Keynote Speakers
Yun Li (IEEE Fellow)
University of Electronic Science and Technology of China
Biography: Yun Li was an intelligent systems Engineer with the U.K. National Engineering Laboratory, Glasgow, in 1989, and a postdoctoral Research Engineer with Industrial Systems and Control Ltd, Glasgow, in 1990. From 1991 to 2018, he was an intelligent systems Lecturer, Senior Lecturer, and Professor with University of Glasgow, Glasgow, and served as Founding Director of University of Glasgow Singapore, Singapore. He later served as the Founding Director of Dongguan Industry 4.0 Artificial Intelligence Laboratory, Dongguan, China, and of i4AI Ltd, London, U.K. He is currently Professor with Shenzhen Institute for Advanced Study, University of Electronic Science and Technology of China, Shenzhen, China.,Since 1991, his research has been focused on computational artificial intelligence and its applications.
Weijia Jia (IEEE Fellow)
Beijing Normal University
Biography: Weijia Jia is currently a Chair Professor and Director of Joint AI and Future Networking Research Institute of Beijing Normal University (BNU, Zhuhai) and United International College (UIC), Zhuhai, Guangdong, China. He also serves as the VP for Research at UIC China. Prior joining BNU/UIC, he served as the Deputy Director ofState Kay Laboratory of Internet of Things for Smart City at the University of Macau and Zhiyuan Chair Professor at the Shanghai Jiaotong University, PR China. He received BSc/MSc from Center South University, China in 82/84 and PhD from Polytechnic Faculty of Mons, Belgium in 93, respectively; all in computer science. For 93-95, he joined German National Research Center for Information Science (GMD) in Bonn (St. Augustine) as a research fellow. From 95-13, he worked in City University of Hong Kong as a professor. His contributions have been recoganized for the research of optimal network routing and deployment; vertex cover; anycast and multicast protocols; sensors networking; knowledge relation extractions; NLP and intelligent edge computing. He has over 600 publications in the prestige international journals/conferences and research books and book chapters. He hasreceived thebest product awards from the International Science & Tech. Expo (Shenzhen) in 2011/2012 and the 1st Prize of Scientific Research Awards from the Ministry of Education of China in 2017 (list 2) and many provincial science and tech awards. He has served as area editor for various prestige international journals, chair and PC member/keynote speaker for many top international conferences. He is the Fellow of IEEE and the Distinguished Member of CCF.
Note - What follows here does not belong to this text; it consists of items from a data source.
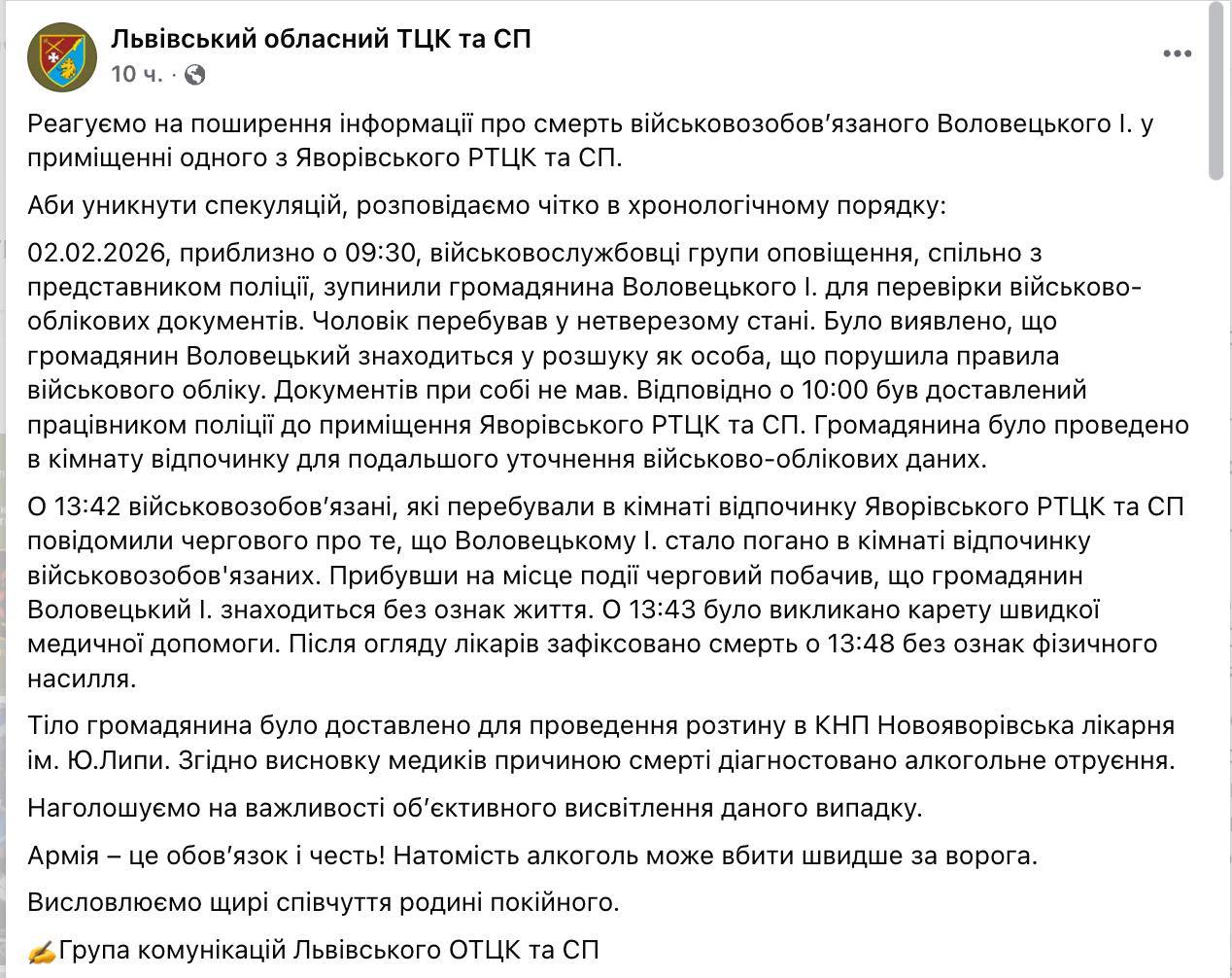 По информации Львовского областного ТЦК, мужчина на момент задержания был пьян и не имел обновлённых военных документов. Его отвезли в «комнату отдыха» к другим мобилизованным. Через некоторое время они сообщили дежурному, что мужчине стало плохо. Врачи зафиксировали смерть через 5 минут после первого обращения.
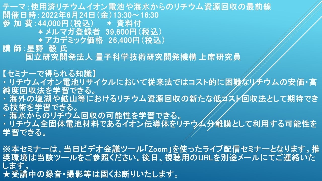 先端技術情報や市場情報を提供している(株)シーエムシー・リサーチ(千代田区神田錦町: https://cmcre.com/ )では、 各種材料・化学品などの市場動向・技術動向のセミナーや書籍発行を行っておりますが、 このたび「使用済リチウムイオン電池や海水からのリチウム資源回収の最前線」と題するセミナーを、 講師に星野 毅 氏 国立研究開発法人 量子科学技術研究開発機構 上席研究員)をお迎えし、2022年6月24日(金)13:30より、 ZOOMを利用したライブ配信で開催いたします。 受講料は、 一般:44,000円(税込)、 弊社メルマガ会員:39,600円(税込)、 アカデミック価格は26,400円(税込)となっております(資料付)。
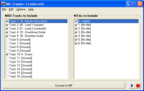 MTrks are data structures found within MIDI files. An MTrk can hold data for one or more MIDI tracks. If you don't quite understand MTrks, that's alright. This ability is there for you to try different settings to get your IMF file sounding as well as possible.
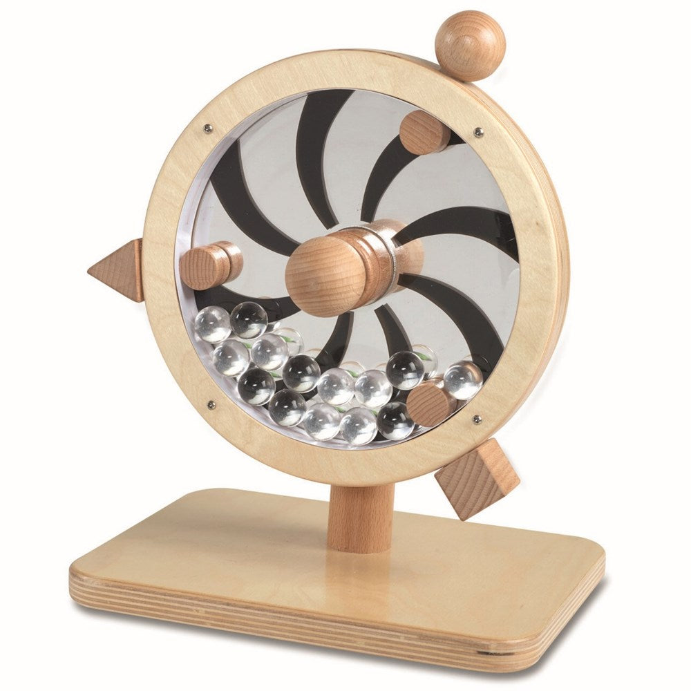 Enchantingly, as you gently turn the wooden wheel, a lively cascade of weighty bubbles joyfully dances and frolics within, creating a delightful, rhythmic symphony of movement and sound. It's as if a secret world of whimsical bubbles comes alive, engaging in a joyful ballet with every turn. The wooden base adds a touch of natural elegance to this captivating spectacle, making it not only a sensory delight but also an aesthetically pleasing addition to any setting.
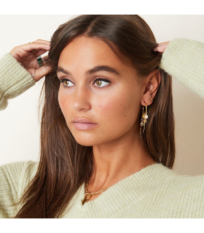 De oorbellen zijn nikkelvrij en worden voorzien van stoppertjes, zodat je ze comfortabel kan dragen en niet uit de oren glijden.
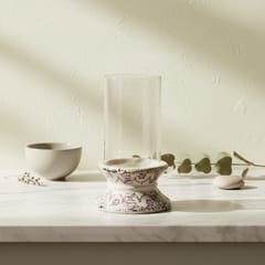 EVAM. Szklany Świecznik na Dekoracyjnej Podstawie (24 cm)Świecznik z kolekcji EVAM o wysokości 24 cm to wyrafinowane połączenie klasycznej formy z ozdobnym detalem, które wprowadzi do każdego wnętrza elegancki klimat. Produkt charakteryzuje się smukłym, szklanym kloszem o cylindrycznym kształcie, osadzonym na efektownej, ceramicznej stopie o zwężającej się ku górze sylwetce. Podstawa została wykonana z jasnej ceramiki i ozdobiona gęstym, fioletowym wzorem o roślinnym motywie, co nadaje całości unikalny i luksusowy charakter. Przezroczyste szkło klosza nie tylko pięknie rozprasza światło umieszczonej wewnątrz świecy, ale również stanowi praktyczną osłonę przed podmuchami powietrza. Dzięki wymiarom 14,5 x 14,5 x 24 cm świecznik ten doskonale sprawdzi się jako centralna dekoracja stołu podczas uroczystych kolacji lub jako nastrojowy akcent na komodzie, idealnie komponując się z wnętrzami w stylu klasycznym oraz modern classic.Specyfikacja produktu: Świecznik posiada wymiary 14,5 x 14,5 x 24 cm. Został wykonany z wysokiej jakości szkła oraz ceramiki zdobionej fioletowym deseniem roślinnym. Produkt jest częścią artystycznej kolekcji EVAM.
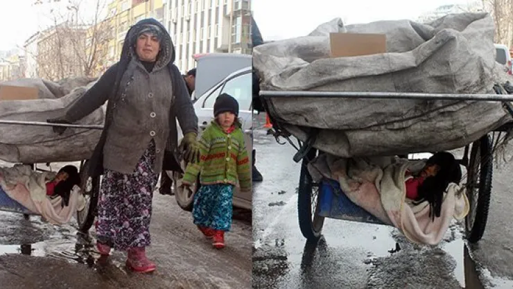 Sabahın erken saatlerinde soğuk havaya aldırış etmeden iki çocuğu ile birlikte kağıt toplamaya çıkan anne, 1.5 yaşındaki kızı Hatice'yi battaniyeye sararak kağıt topladığı el arabasının altındaki sepete koydu. Kamerayı görünce arabayı ve çocuğunu görüntülenmemek için bırakan anne konuşmaktan kaçınırken, 1.5 yaşındaki Hatice'nin annesinin kağıt topladığı süre boyunca battaniyeye sarılı sepette kaldığı öğrenildi.
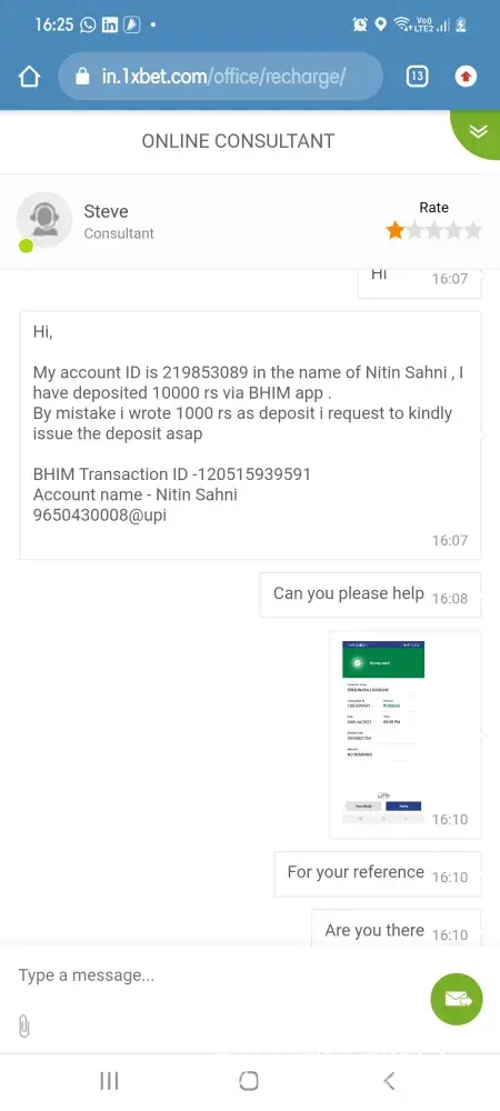 Gaming id [protected] 1xbet upi fast payment should be credited within 48 hours I am waiting from 4 days still not received payouts total 3 withdrawal amount was struck.. no response from 1xbet support only autoreply I will get.. customer support executive is completely waste they won't talk more then a minutes immediately they will disconnect the call without telling clarity I need my money plz help me.. I hve lot of trust on you guys hopeing my money to get back into my account asap.. total amount 8600

Title: LLM Technologies and their Impacts on Task Layer Scheduling in Edge Computing
Abstract: This talk first introduces the technologies used by the large languarge model (LLM) and then compares them with the technologies we developped for the container and task scheduling in the edge computing. Before running the container in an edge server, an image composed of several task layers must be scheduled locally. However, it has been conspicuously neglected by existing work that task scheduling at the granularity of the layers instead of the image can significantly reduce the task completion time to meet the real-time requirement and resource efficiency in the resource-limited edge servers. This talk will further discuss our recent investigations on the online container and image/layer scheduling algorithms in the edge environments with similar AI approaches as compared with the popular technologies used LLM.
Juergen Branke
University of Warwick, UK
Biography: Juergen Branke is Professor of Operational Research and Systems at Warwick Business School, Vice-Chair of ACM SIGEVO. His research area lies at the interface of machine learning and optimisation and falls into the broader field of prescriptive analytics, i.e., how to use data and models to make optimal decisions. In particular, he works on methods such as metaheuristics and Bayesian optimisation to tackle problems that involve uncertainty, are dynamically changing over time, or involve multiple, conflicting objectives.
Professor Branke is the Editor-in-Chief of ACM Transactions on Evolutionary Learning and Optimization, Area Editor of the Journal of Heuristics and the Journal of Multi-Criteria Decision Analysis, and Associate Editor of the IEEE Transactions on Evolutionary Computation and the Evolutionary Computation Journal. He is the director of Warwick’s Data Science for Social Good UK chapter and Turing Fellow. He has published over 200 scientific papers and has extensive experience of working with industry in logistics, telecommunications, and engineering design.
Title: Machine Learning and Optimisation - a symbiosis
Abstract: This talk discusses the relationship between machine learning and optimisation. It demonstrates that many machine learning problems are actually optimisation problems, and could benefit from advances in operational research. On the other hand, the latest challenges in optimisation, such as parameter tuning, algorithm selection, hyper heuristics or handling of uncertainty are actually closely related to machine learning. Furthermore, recent algorithmic developments such as Bayesian Optimisation very much blur the boundary between machine learning and optimisation, as they explicitly combine learning about the search space with optimisation.